In recent years, Selvidge created three albums for Archer Records including “A Little Bit of Rain” (produced by Dickinson), a career-spanning live album and DVD, “Live at Otherlands” (a popular Midtown Memphis café) and 2010’s “I Should Be Blue.” The latter featured duets by New York-based singer/songwriter Amy Speace and a rhythm section anchored by the album’s producer, Don Dixon, highly regarded Memphis-based drummer Paul “Snowflake” Taylor, and guitar work by Steve Selvidge.
 
There was more to come, and in 2011 Selvidge described his songwriting as “happier, funnier” than in the past. He viewed his younger work as more choked with “angst,” and said: “The older I get, the less I want to hear about it in a song.” Even as his guitar work has been praised throughout his career, Selvidge spent more time than ever practicing. “The last few years, I’ve been trying to learn new guitar parts,” he said. 

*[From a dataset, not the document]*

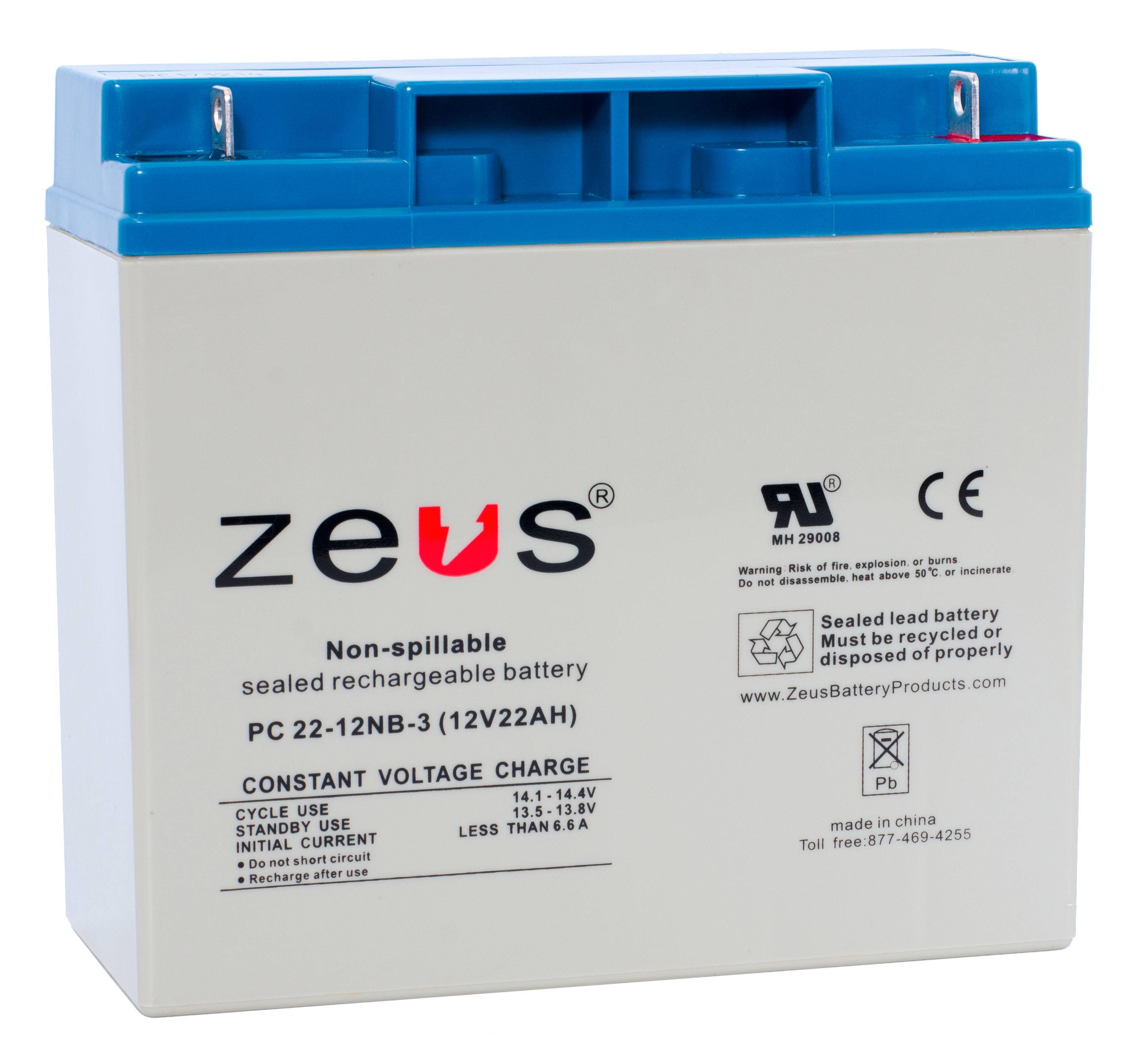 Zeus PC22-12 12V 22aH Rechargable Sealed Lead Acid Battery. Overall dimensions (7.13 x 3.03 x 6.30) Inches @ 14 Lbs.

Selvidge was initially diagnosed with cancer in 2010 while touring with Amy Speace to promote “I Should Be Blue.” He was treated and returned to complete the tour. The cancer returned and Selvidge fought the disease for two years. He recovered long enough to make one final recording and video in September 2012 for The 78 Project directed by Alex Steyermark. Singing in a baritone voice, which he likened to Mississippi John Hurt’s, Selvidge made his last recording with one microphone, direct-to-disc on a 1930’s Presto recorder with son Steve on guitar.